Stored records:
--- --- ---

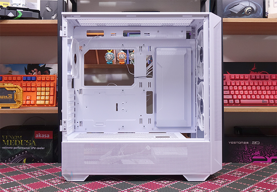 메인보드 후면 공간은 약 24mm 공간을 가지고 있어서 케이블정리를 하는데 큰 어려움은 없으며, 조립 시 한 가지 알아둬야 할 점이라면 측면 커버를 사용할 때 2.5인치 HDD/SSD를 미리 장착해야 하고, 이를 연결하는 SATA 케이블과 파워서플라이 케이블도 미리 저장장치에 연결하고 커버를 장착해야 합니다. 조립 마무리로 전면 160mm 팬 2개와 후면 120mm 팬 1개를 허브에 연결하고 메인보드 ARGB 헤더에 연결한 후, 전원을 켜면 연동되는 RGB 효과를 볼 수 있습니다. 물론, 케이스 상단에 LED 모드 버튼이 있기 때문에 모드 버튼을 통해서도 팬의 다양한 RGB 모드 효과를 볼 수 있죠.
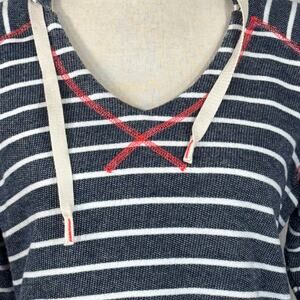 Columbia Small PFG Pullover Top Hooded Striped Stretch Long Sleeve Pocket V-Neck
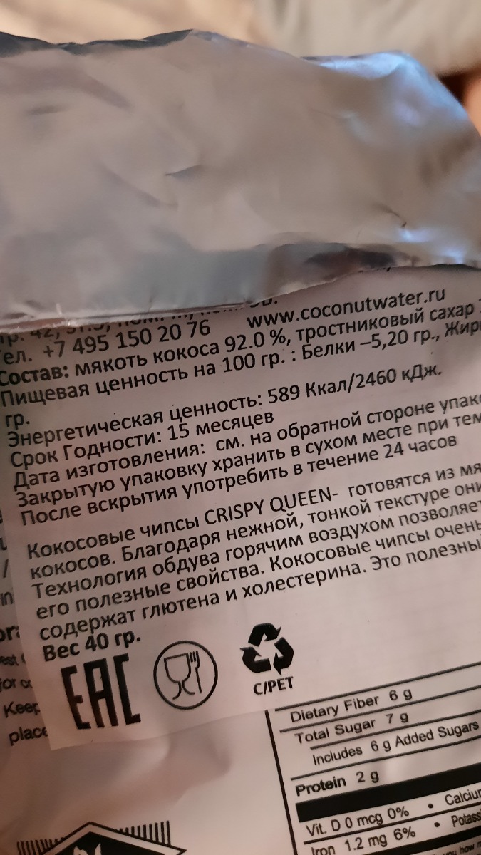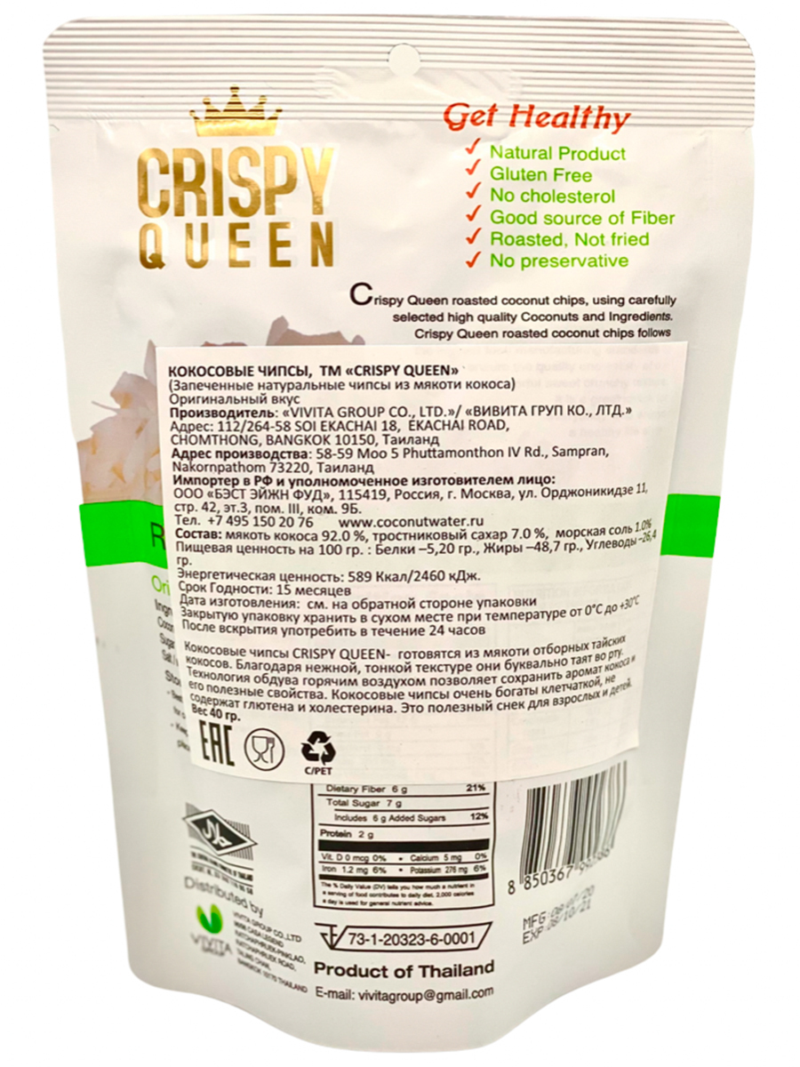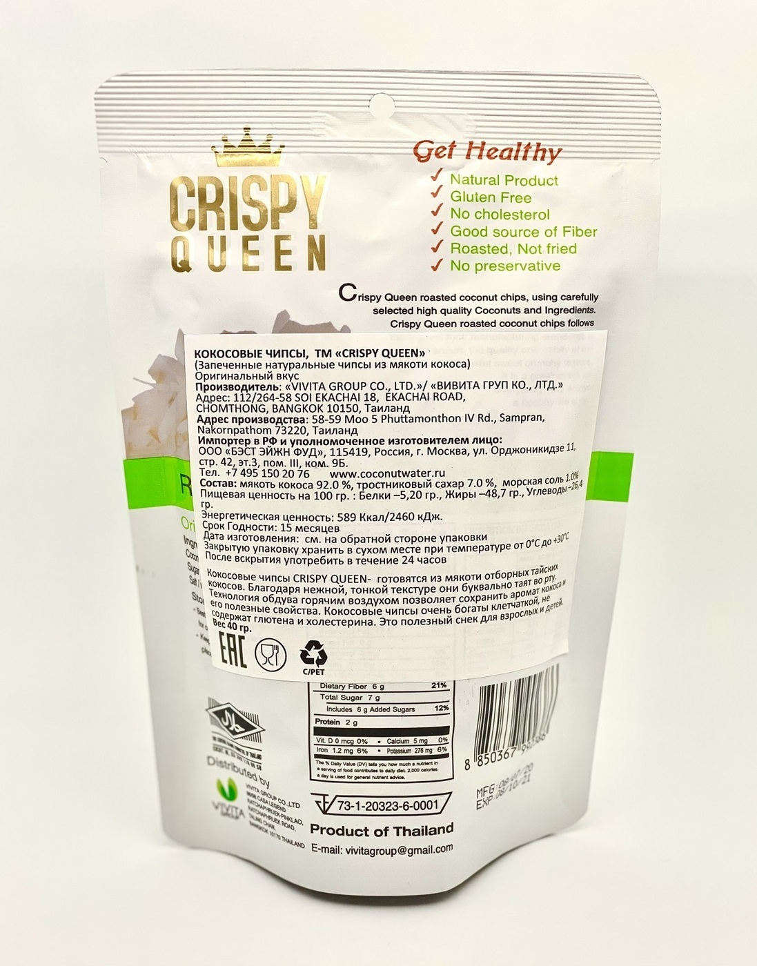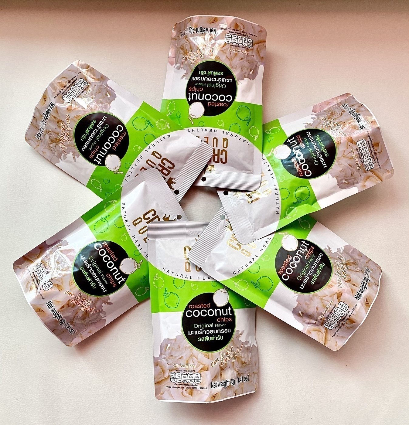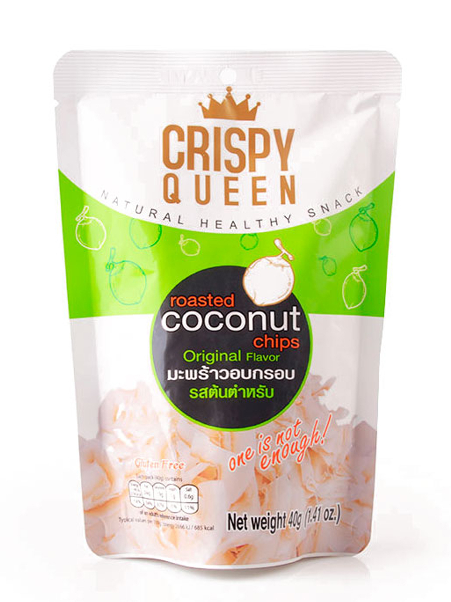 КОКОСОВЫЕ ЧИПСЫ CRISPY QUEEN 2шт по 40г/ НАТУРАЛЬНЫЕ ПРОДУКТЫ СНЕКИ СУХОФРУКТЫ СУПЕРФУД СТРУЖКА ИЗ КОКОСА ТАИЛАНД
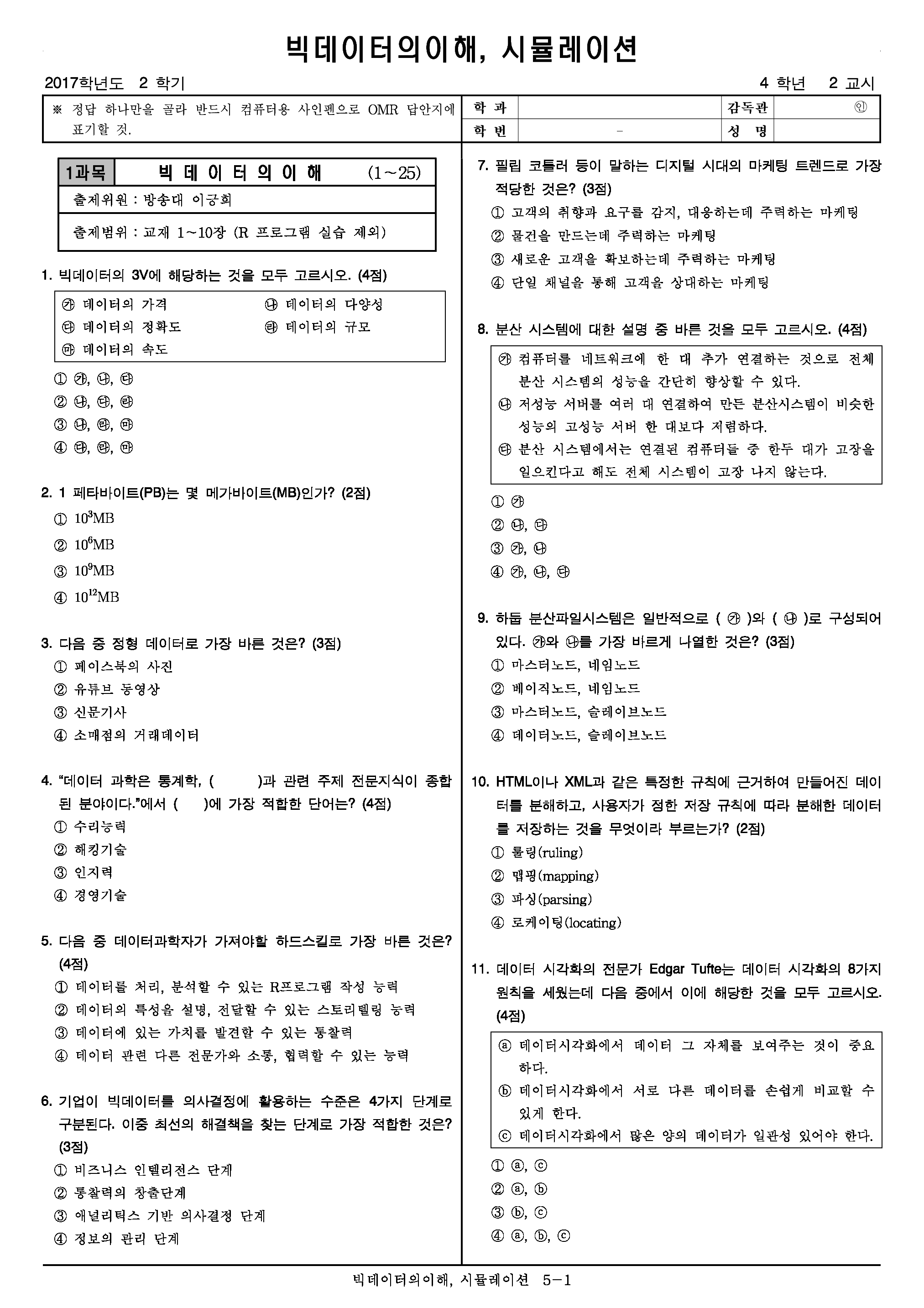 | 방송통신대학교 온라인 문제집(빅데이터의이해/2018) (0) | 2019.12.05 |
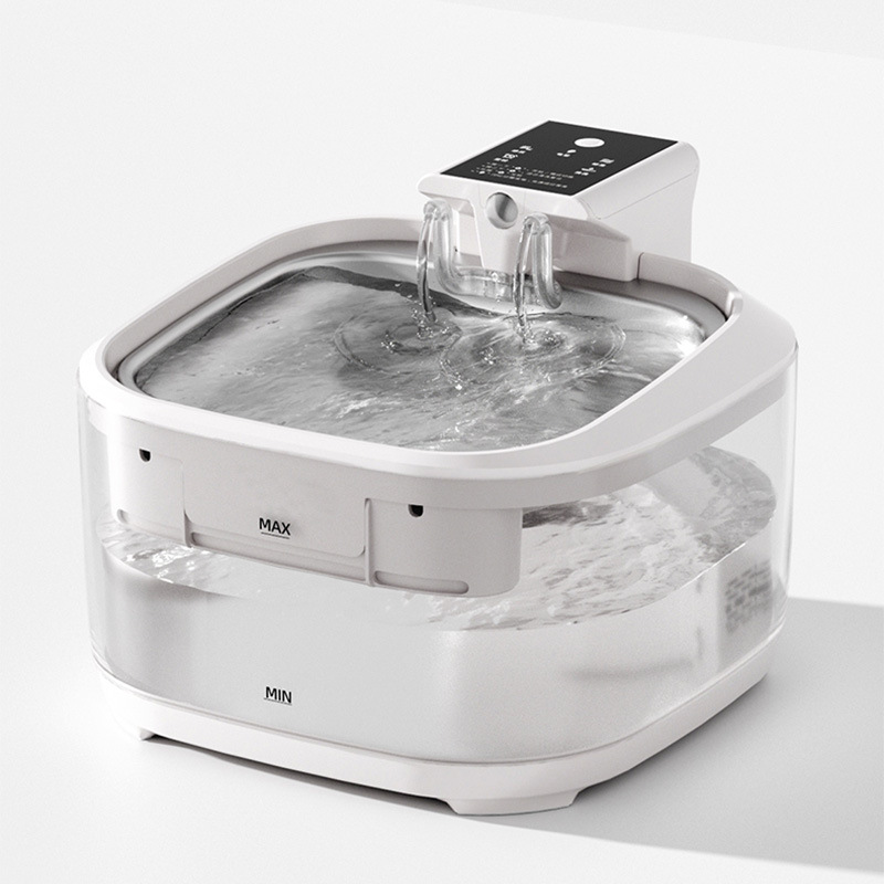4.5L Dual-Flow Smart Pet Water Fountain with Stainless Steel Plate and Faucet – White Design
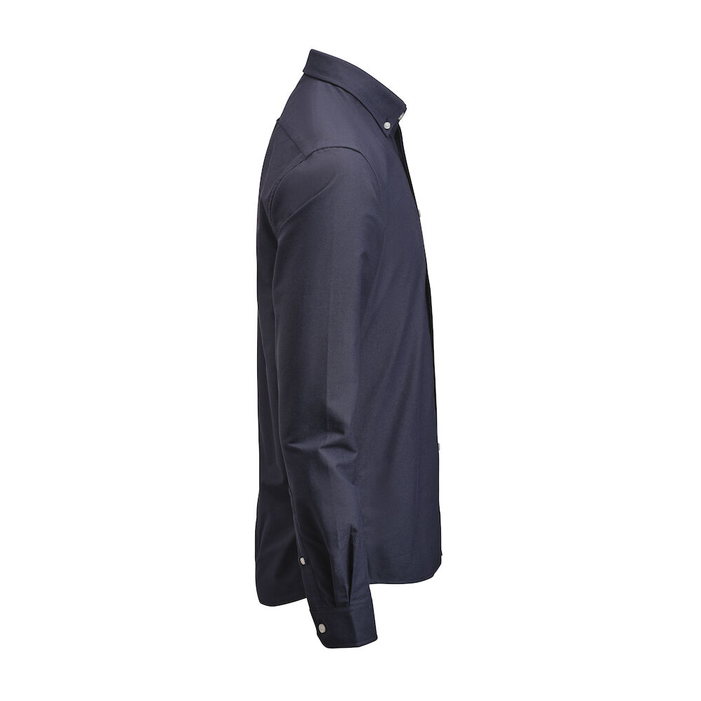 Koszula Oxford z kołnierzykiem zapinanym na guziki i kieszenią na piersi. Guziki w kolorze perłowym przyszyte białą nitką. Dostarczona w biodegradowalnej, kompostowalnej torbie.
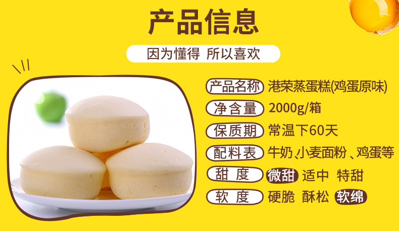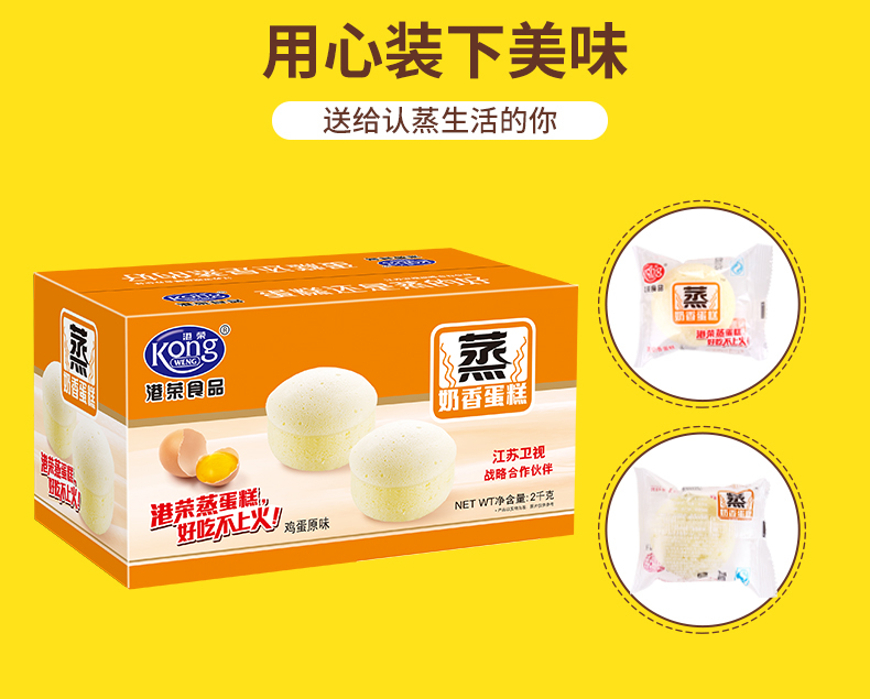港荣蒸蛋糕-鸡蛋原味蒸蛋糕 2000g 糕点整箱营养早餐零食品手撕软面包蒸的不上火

--- --- ---

Aim of the task:
Do not include pictures. Copy only the lines running from the line with "(0) | 2019.12.05 |" through the last line of the records, exactly as they appear.

Answer area:
 | 방송통신대학교 온라인 문제집(빅데이터의이해/2018) (0) | 2019.12.05 |
4.5L Dual-Flow Smart Pet Water Fountain with Stainless Steel Plate and Faucet – White Design
 Koszula Oxford z kołnierzykiem zapinanym na guziki i kieszenią na piersi. Guziki w kolorze perłowym przyszyte białą nitką. Dostarczona w biodegradowalnej, kompostowalnej torbie.
港荣蒸蛋糕-鸡蛋原味蒸蛋糕 2000g 糕点整箱营养早餐零食品手撕软面包蒸的不上火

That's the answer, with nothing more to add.